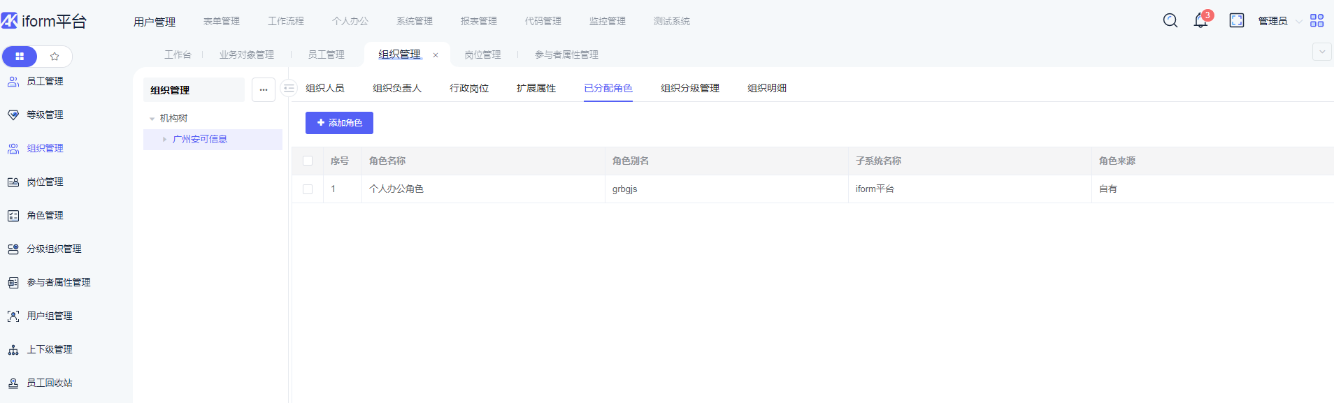 注意:子组织自动继承父级组织的角色,因此分配角色的菜单权限由通用到个性的原理进行分配,从而提高角色实施效率!
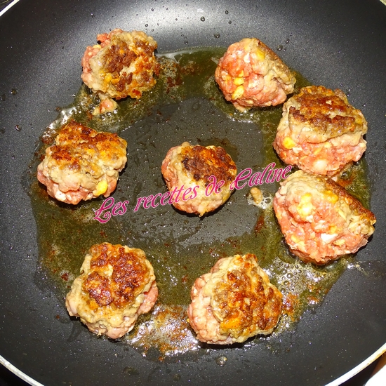 Dans un saladier, mélangez les 2 viandes, ajoutez la chapelure, l’oeuf et la seconde cuil à soupe d’oignon. Réalisez les boulettes de la taille d’une noix et les faites-les revenir dans une poêle bien chaude. Faites-les cuire 10 min.
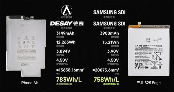 另外,這款手機(jī)屏幕尺寸為6.5英寸,通過(guò)創(chuàng)新的內(nèi)部設(shè)計(jì),機(jī)身厚度僅為5.6mm,顛覆了消費(fèi)者對(duì)手機(jī)厚度的認(rèn)知,而輕薄的代價(jià)是,iPhone Air機(jī)型的電池容量?jī)H為3149mAh。

□ □ □ □ □

_Exercise objective_
Return only the lines from the one that contains "Dans un saladier, mélangez" through the closing line of the data, inclusive, reproduced exactly and with every picture left out.

_Answer to this exercise_
 Dans un saladier, mélangez les 2 viandes, ajoutez la chapelure, l’oeuf et la seconde cuil à soupe d’oignon. Réalisez les boulettes de la taille d’une noix et les faites-les revenir dans une poêle bien chaude. Faites-les cuire 10 min.
 另外,這款手機(jī)屏幕尺寸為6.5英寸,通過(guò)創(chuàng)新的內(nèi)部設(shè)計(jì),機(jī)身厚度僅為5.6mm,顛覆了消費(fèi)者對(duì)手機(jī)厚度的認(rèn)知,而輕薄的代價(jià)是,iPhone Air機(jī)型的電池容量?jī)H為3149mAh。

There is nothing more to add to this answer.